◆ EXERCISE AIM ◆
In the records below, find the line with "13th Century Franco", then copy each line exactly until you have copied the line with "1DAY 佐々木希イメージモデル ∀". Leave any picture out.

◆ DATA PROVIDED ◆
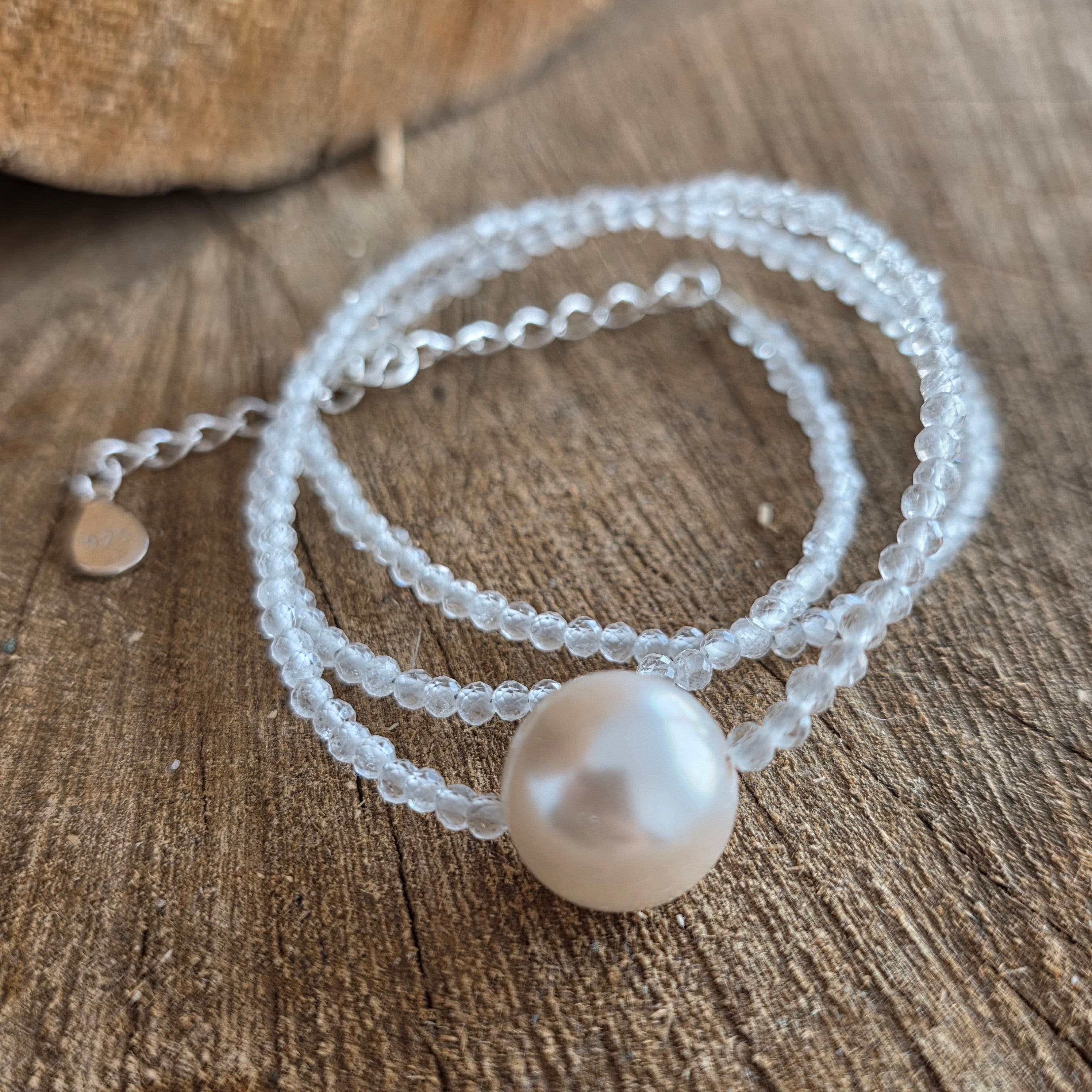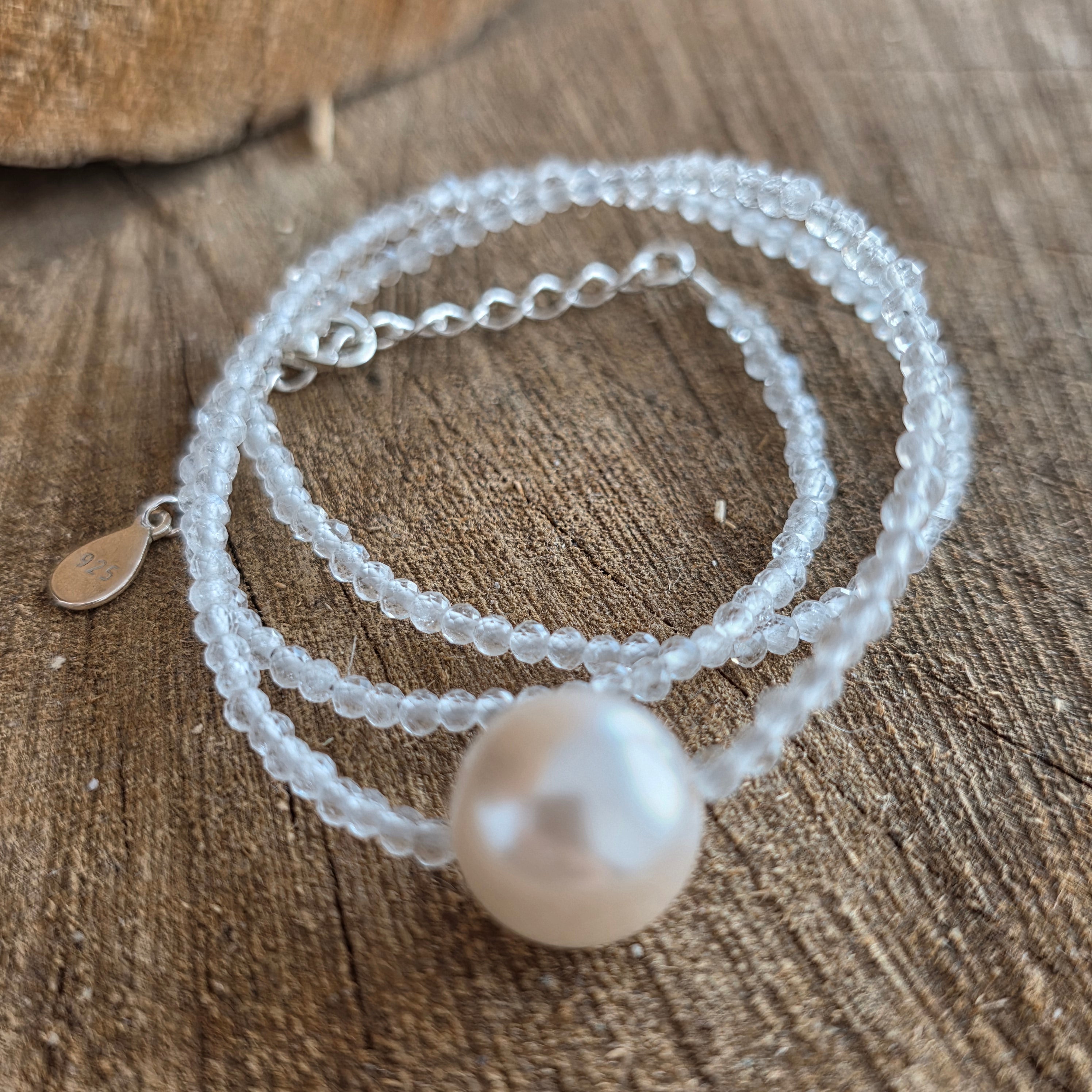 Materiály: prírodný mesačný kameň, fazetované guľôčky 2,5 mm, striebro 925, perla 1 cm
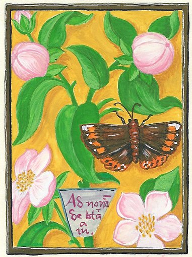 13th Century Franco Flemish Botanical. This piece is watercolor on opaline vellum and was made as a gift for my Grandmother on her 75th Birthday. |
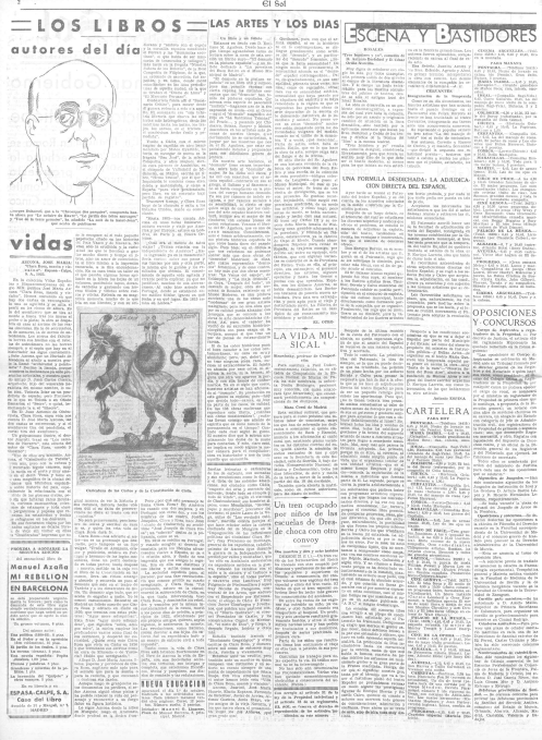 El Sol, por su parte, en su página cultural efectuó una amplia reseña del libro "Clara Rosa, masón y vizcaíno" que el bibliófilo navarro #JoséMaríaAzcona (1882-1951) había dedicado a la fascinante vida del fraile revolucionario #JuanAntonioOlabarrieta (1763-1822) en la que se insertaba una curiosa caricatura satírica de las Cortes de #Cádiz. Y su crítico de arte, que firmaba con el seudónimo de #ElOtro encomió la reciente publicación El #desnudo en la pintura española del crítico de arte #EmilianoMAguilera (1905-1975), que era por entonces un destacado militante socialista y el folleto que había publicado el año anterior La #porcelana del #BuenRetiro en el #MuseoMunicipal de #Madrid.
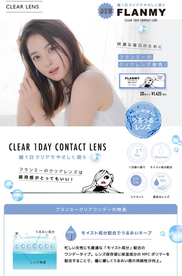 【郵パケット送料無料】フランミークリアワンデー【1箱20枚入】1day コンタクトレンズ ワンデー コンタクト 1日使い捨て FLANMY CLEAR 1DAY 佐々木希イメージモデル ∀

--

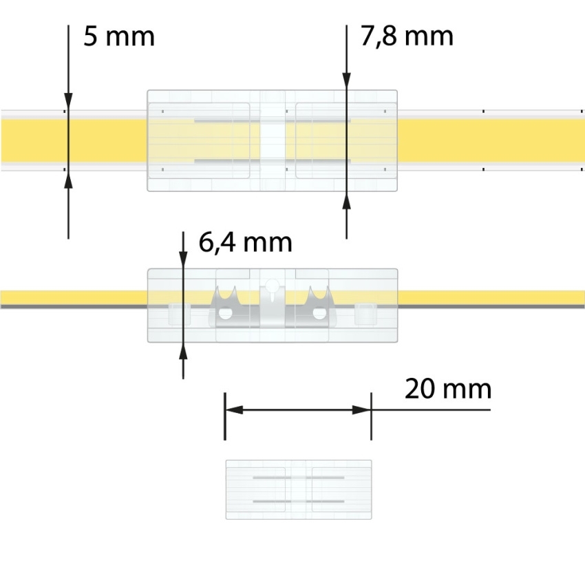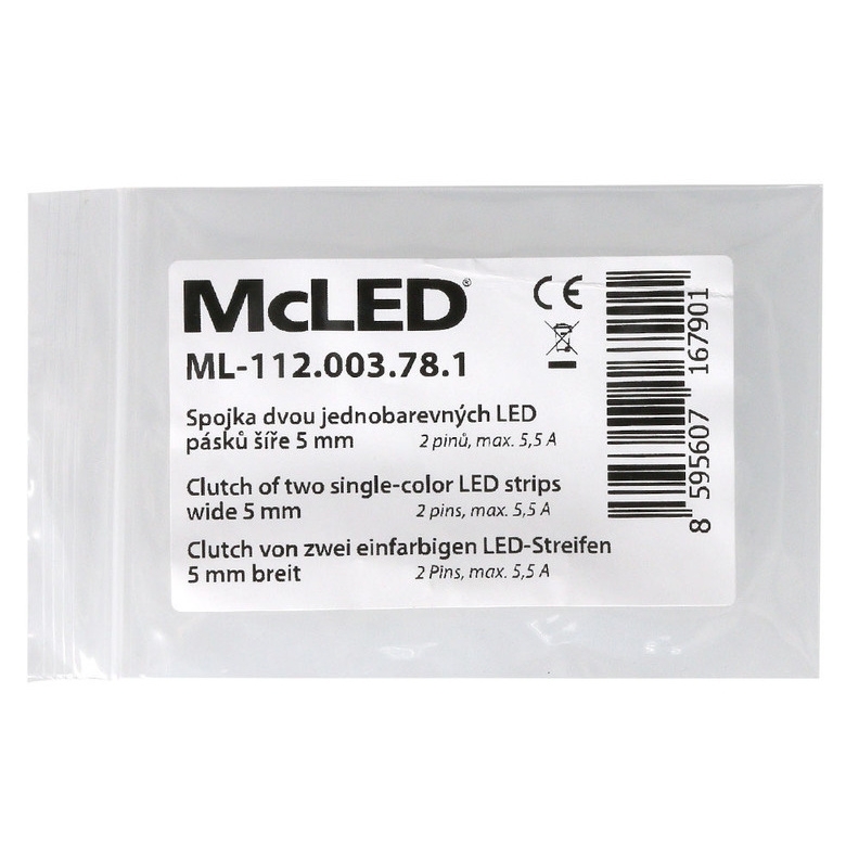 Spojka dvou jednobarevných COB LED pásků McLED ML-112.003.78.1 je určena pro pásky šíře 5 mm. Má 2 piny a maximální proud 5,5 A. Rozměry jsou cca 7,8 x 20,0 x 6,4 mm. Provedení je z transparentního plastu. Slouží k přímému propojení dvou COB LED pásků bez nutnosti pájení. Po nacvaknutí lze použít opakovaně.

◆ EXPECTED OUTPUT ◆
 13th Century Franco Flemish Botanical. This piece is watercolor on opaline vellum and was made as a gift for my Grandmother on her 75th Birthday. |
 El Sol, por su parte, en su página cultural efectuó una amplia reseña del libro "Clara Rosa, masón y vizcaíno" que el bibliófilo navarro #JoséMaríaAzcona (1882-1951) había dedicado a la fascinante vida del fraile revolucionario #JuanAntonioOlabarrieta (1763-1822) en la que se insertaba una curiosa caricatura satírica de las Cortes de #Cádiz. Y su crítico de arte, que firmaba con el seudónimo de #ElOtro encomió la reciente publicación El #desnudo en la pintura española del crítico de arte #EmilianoMAguilera (1905-1975), que era por entonces un destacado militante socialista y el folleto que había publicado el año anterior La #porcelana del #BuenRetiro en el #MuseoMunicipal de #Madrid.
 【郵パケット送料無料】フランミークリアワンデー【1箱20枚入】1day コンタクトレンズ ワンデー コンタクト 1日使い捨て FLANMY CLEAR 1DAY 佐々木希イメージモデル ∀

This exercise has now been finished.